• _Exercise requirements_
Shown below are entries with pictures; the line with "CN TOWER • ROGERS" through the line with "mission is successful." is the span to retype exactly, and the pictures stay out.

++++++++++

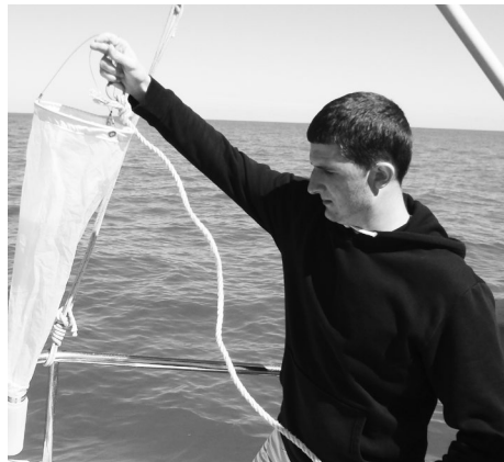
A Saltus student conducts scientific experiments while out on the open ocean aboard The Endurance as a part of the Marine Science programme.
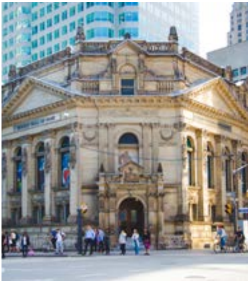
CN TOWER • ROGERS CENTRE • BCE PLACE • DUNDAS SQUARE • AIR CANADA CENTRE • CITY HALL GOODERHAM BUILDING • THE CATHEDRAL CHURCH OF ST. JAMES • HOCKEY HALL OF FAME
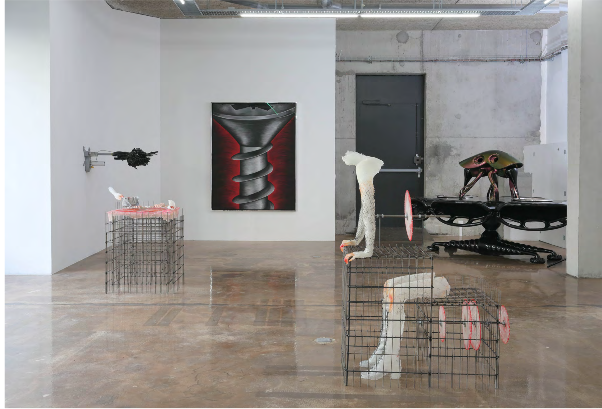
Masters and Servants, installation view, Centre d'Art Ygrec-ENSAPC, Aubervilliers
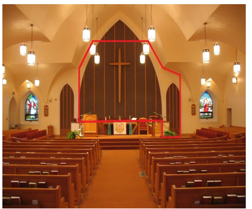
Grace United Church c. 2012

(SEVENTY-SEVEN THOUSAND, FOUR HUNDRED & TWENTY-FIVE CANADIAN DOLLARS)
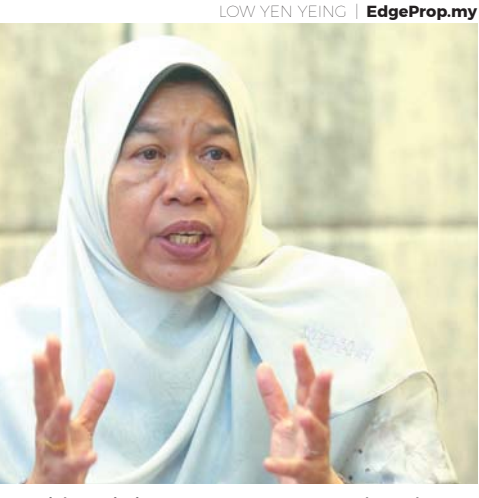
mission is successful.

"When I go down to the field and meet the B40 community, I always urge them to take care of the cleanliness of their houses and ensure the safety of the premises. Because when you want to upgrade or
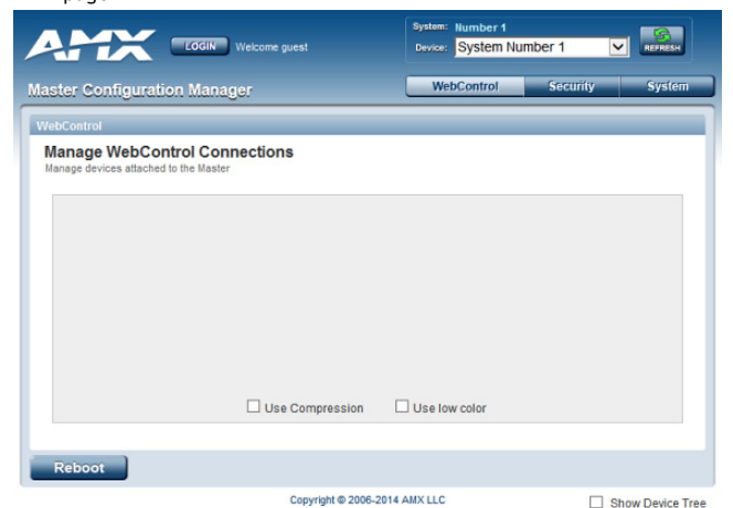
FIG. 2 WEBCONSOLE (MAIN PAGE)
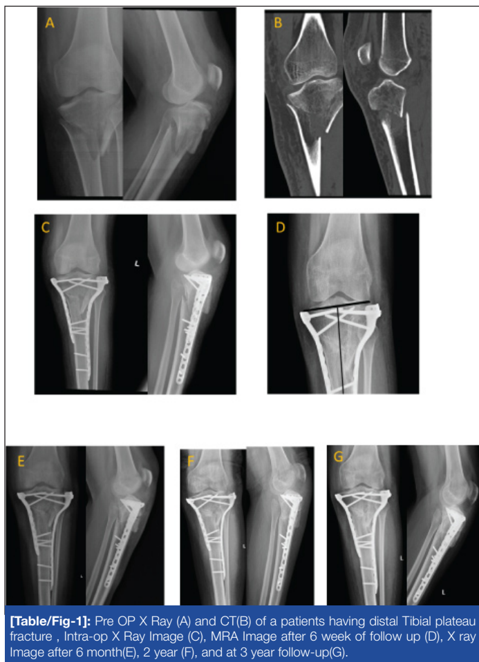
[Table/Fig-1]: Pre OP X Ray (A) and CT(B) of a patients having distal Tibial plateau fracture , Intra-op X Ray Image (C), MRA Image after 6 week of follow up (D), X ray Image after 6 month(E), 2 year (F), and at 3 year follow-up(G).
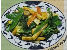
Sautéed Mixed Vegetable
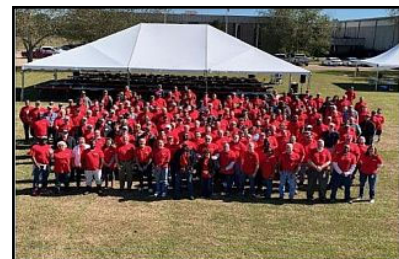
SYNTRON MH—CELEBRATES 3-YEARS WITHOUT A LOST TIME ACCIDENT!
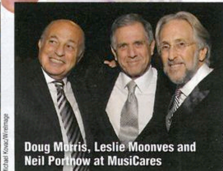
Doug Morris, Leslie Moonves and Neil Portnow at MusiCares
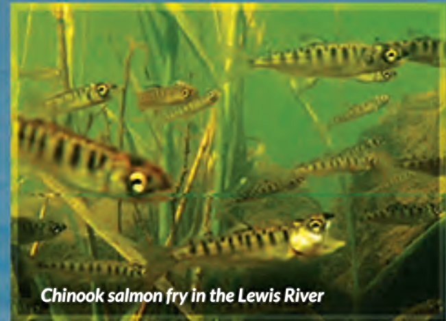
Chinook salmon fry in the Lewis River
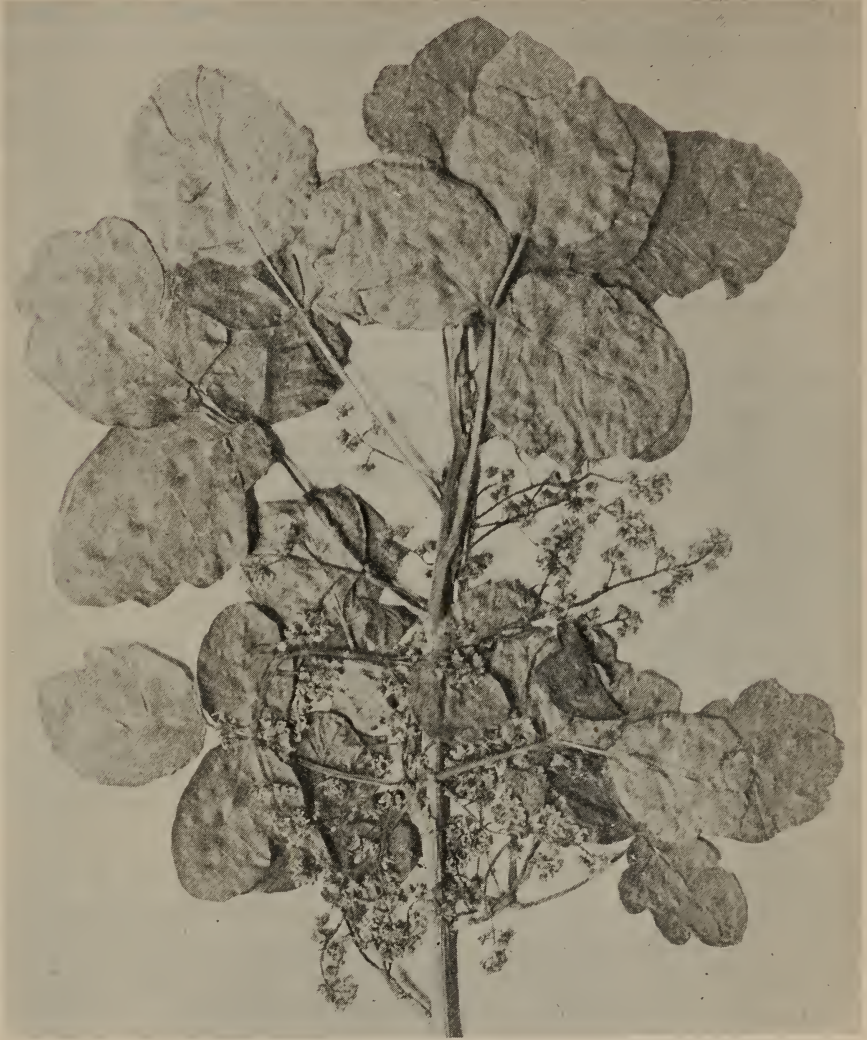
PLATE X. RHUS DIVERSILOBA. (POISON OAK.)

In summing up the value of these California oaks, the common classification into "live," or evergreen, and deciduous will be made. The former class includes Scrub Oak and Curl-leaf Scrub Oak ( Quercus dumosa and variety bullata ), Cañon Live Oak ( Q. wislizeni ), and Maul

++++++++++

• _Answer box_
CN TOWER • ROGERS CENTRE • BCE PLACE • DUNDAS SQUARE • AIR CANADA CENTRE • CITY HALL GOODERHAM BUILDING • THE CATHEDRAL CHURCH OF ST. JAMES • HOCKEY HALL OF FAME
Masters and Servants, installation view, Centre d'Art Ygrec-ENSAPC, Aubervilliers
Grace United Church c. 2012

(SEVENTY-SEVEN THOUSAND, FOUR HUNDRED & TWENTY-FIVE CANADIAN DOLLARS)
mission is successful.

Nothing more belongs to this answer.